Although new regulations proposed by the U.S. Department of Education added new models for turnaround schools—including one centered on extending early education—to date, most SIG schools haven’t had the luxury of using pre-K and other early education efforts to help keep students on track up through elementary school. According to the Ounce of Prevention report, that’s because the short-term nature of the program means it wasn’t designed at the outset to facilitate early learning efforts.

The new Department of Education-proposed regulations for SIG could help resolve some of these issues by building in incentives to consider early education alongside other SIG efforts. For example, SIG would now include three new model options for school turnaround, one of which—the Early Learning Initiative—requires districts to provide full-day kindergarten, high-quality pre-K, and joint planning across grades. The report finds that this would be an important support for early learning.

Without changing the metrics against which turnaround schools are judged, though, school leaders would have little incentive to lean towards the model, argue the report’s authors. In most states, the metrics of success rely largely on scores on accountability tests administered annually beginning in the third grade. That means pre-K and other early childhood investments aren’t likely to pay off on a three-year, or even the newly proposed five-year, timeline for improving students’ test scores. Four-year-olds whose pre-K classroom is funded by the first year of the grant still won’t take any standardized tests until the fifth year of the turnaround project, when they enter the third grade. As a result, school administrators may be wary of directing too much focus on the early years when they know they’ll be judged primarily on metrics from third grade and above.

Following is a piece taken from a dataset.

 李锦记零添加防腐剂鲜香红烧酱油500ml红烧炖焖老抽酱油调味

Yet in many cases, children are already performing months or even years below grade level by the time they enter kindergarten, let alone third grade—and by then, catching up academically is an even greater challenge than it would have been.

The federal government, the report suggests, should be more active in creating guidelines, policies, and goals for states and school districts to meet, particularly in the early years and the early grades of elementary school. Furthermore, since states have the choice to define metrics themselves or require each turnaround school to define the metric itself, the report makes valuable suggestions towards a more comprehensive picture of  accountability. Rather than simply using standardized test scores, states could include school climate measures and child outcomes like absenteeism rates, as well as kindergarten readiness assessments, to create a longer-term, inclusive improvement strategy. No doubt, there are other measures of early childhood learning that could provide a more comprehensive picture of programs’ success, but the field will likely require more research to find valid and reliable metrics that provide incentive for early learning investment.

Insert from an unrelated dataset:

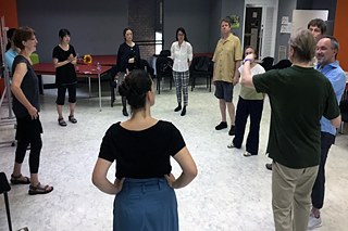 Auch in der Fortbildung für Deutschlehrende lag der Fokus auf Klang und Rhythmus der deutschen Sprache. Bewusst griff Anne Zühlke die Inhalte des Workshops vom Vortag auf, erweiterte sie aber um die methodisch-didaktische Perspektive der Lehrenden. Dieses Vorgehen ermöglichte es den Teilnehmenden der Fortbildung, sich dem Gegenstand als doppelte Beobachtung zu nähern und selbst zum Lernenden zu werden. Verstärkt wurden Methoden vermittelt und erprobt, mit denen Gedichte, aber auch andere Textarten im Chor gesprochen werden können. Auch wurde anhand spielpraktischer Übungen die Wirkung von körperlicher Präsenz im Auftritt oder das logische Stellen von Bildern für eine gelungene szenische Umsetzung von Text ausprobiert. Viel Anklang fand zum Beispiel Anne Zühlkes Idee, vom bekannten Rollenspielformat „Pen and Paper“ ausgehend, die W-Fragen einer Geschichte per Würfel entscheiden zu lassen. Die Aufgabe der Lernenden ist, anhand dieser Eckdaten eine Geschichte zu entwickeln und anhand szenischer Standbilder umzusetzen. Im zweiten Teil des Workshops wurde intensiv mit Texten aus aktuellen Jugendbüchern gearbeitet. Anhand von theaterpädagogischen Verfahrensweisen versetzten sich die Lehrenden durch sprach- und spielpraktische Übungen in verschiedene emotionale Bedeutungsebenen der Texte. Anne Zühlke hat in der Fortbildung viele fundierte, aber gleichzeitig spielerische Möglichkeiten aufgezeigt, Lernende unterschiedlichen Alters und Sprachniveaus anzuleiten, kreativ und entwicklungsoffen Inhalte zu gestalten. Die vielen Impulse und konkreten Ideen für die Umsetzung können die Lehrenden nun aktiv im Unterricht anwenden.

Still, simply investing in early learning programs before students reach kindergarten is not enough. Children experience a dramatic change in environment and interactions when they enter elementary school, but better alignment throughout preschool and the early elementary grades can smooth those transitions and ensure students, parents, and teachers are all on the same page. To encourage PreK-3rd grade approaches to school improvement, the federal government should view spending on early learning as a strategy, rather than a goal; for example, the report suggests, the program could dedicate a SIG funding set-aside solely to fund early learning. If schools were required to consider early learning a part of the strategy, they might be better able to invest the money in holistic school improvement efforts.

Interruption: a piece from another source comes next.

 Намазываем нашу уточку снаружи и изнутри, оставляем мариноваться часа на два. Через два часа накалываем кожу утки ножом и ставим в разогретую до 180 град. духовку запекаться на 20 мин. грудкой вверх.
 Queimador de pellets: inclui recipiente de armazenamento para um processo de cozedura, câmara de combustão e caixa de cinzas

The gaps that turnaround schools aim to address emerge well before kindergarten entry and persist throughout the elementary years. Changing the metrics within turnaround schools could reorient low-performing schools to focus on and promote access to early education, kindergarten readiness, and alignment within the PreK-3rd grades.

The changes proposed by the Department of Education to the SIG program would be a significant improvement and could be better suited to improving low-performing schools. (And the Education Department has opened up a comment period for its proposed regulations on School Improvement Grants until early October. Weigh in here.) But without an even stronger focus on early learning, long term success in turnaround schools could be a far reach.